Dion mengangguk lalu berdiri. “Yup. Kita patut bersyukur kalau Indonesia yang punya kekayaan alam melimpah gini bisa memanfaatkan kekayaan itu dengan baik. Gini contohnya, masih ada tempat-tempat indah yang dikelola dengan baik. Bayangin deh kalo gak ada lagi tempat indah kek gini, gimana nasib anak-anak muda yang disibukkan sama pembelajaran melulu?”

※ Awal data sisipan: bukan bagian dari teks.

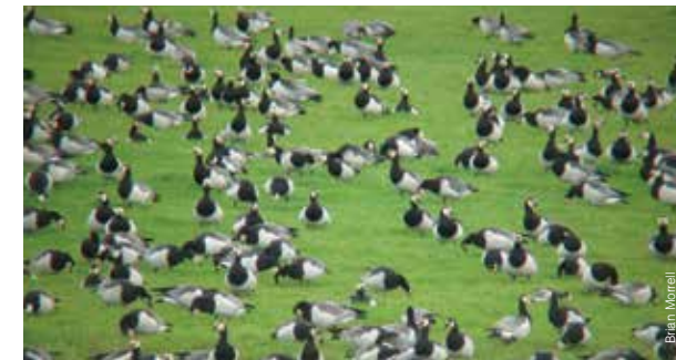
Barnacle geese grazing

in focus The Binocular and Telescope Specialists

“Belajar sih belajar, tapi kan perlu liburan. Dan ini tuh gak hanya sekedar liburan. Pergi ke tempat-tempat kek gini tuh sebenarnya juga media pembelajaran, terbukti dengan adanya lukisan legenda tadi kan? Kalau bisa ngambil hikmahnya itu merupakan media pembelajaran moral untuk anak bangsa.” Tambahku. “Harusnya lokasi-lokasi seperti ini yang perlu dikelola pemerintah lebih baik lagi. Dengan pengelolaan yang baik bisa jadi tempat-tempat kek gini jadi destinasi wisata internasional terus menambah uang negara kan?”
“Lo bener Za. Bisa bahaya kalo lokasi-lokasi indah di Indonesia pada hilang gara-gara ditambang atau jadi lokasi industri.”
“Kita berdo’a aja supaya tempat wisata di Indonesia bisa bertahan dan makin dilestarikan.” Ucapku berharap.
Dion dan Riyan menjawab bersamaan. “Aamiin…”
Setelah Om Ihsan datang menjemput kami segera kembali ke basecamp. Perjalanan hari ini adalah pengalaman terindah bagiku, ingatan seperti ini tidak akan hilang dari kepalaku. Tapi aku masih perlu banyak tempat menaruh kenangan, soalnya ini kan baru hari kedua kami di Barabai. Kami masih ingin menjelajahi lokasi-lokasi plus jajanan nikmat yang ada di kota ini, kami juga tertarik untuk bersosial dengan remaja-remaja di sini, saling berbagi waktu dan pengalaman bersama. Di kota Murakata, Barabai.